■ EXERCISE AIM ■
Starting at the line that contains "Low-profile accessory mounting.", transcribe each line exactly through the end of the data below, and skip any pictures.

■ DATA SHOWN ■
────────────────────

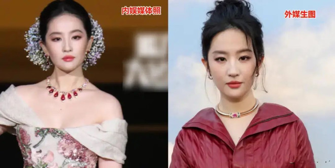 只能说外媒镜头太狠了,不找角度就拍照,天仙美貌也是扛不住的。刘亦菲都能让他跑出矮又壮、五五分的效果。
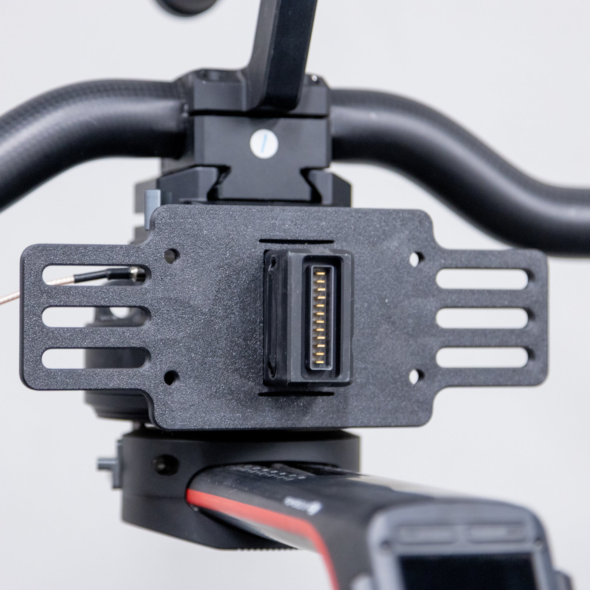 Low-profile accessory mounting. Zero rig clutter. Need to mount a wireless video transmitter to your Ronin 2 without throwing off your balance or cluttering the camera? This custom-designed accessory bracket sandwiches perfectly between the Ronin 2 battery and the main gimbal body. By utilizing the existing space behind the battery, you can keep your accessories centralized, your cable runs short, and your payload incredibly low.
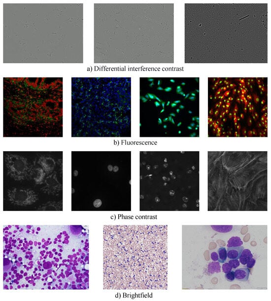 Four types of microscopy images.

────────────────────

■ WRITTEN RESPONSE ■
 Low-profile accessory mounting. Zero rig clutter. Need to mount a wireless video transmitter to your Ronin 2 without throwing off your balance or cluttering the camera? This custom-designed accessory bracket sandwiches perfectly between the Ronin 2 battery and the main gimbal body. By utilizing the existing space behind the battery, you can keep your accessories centralized, your cable runs short, and your payload incredibly low.
 Four types of microscopy images.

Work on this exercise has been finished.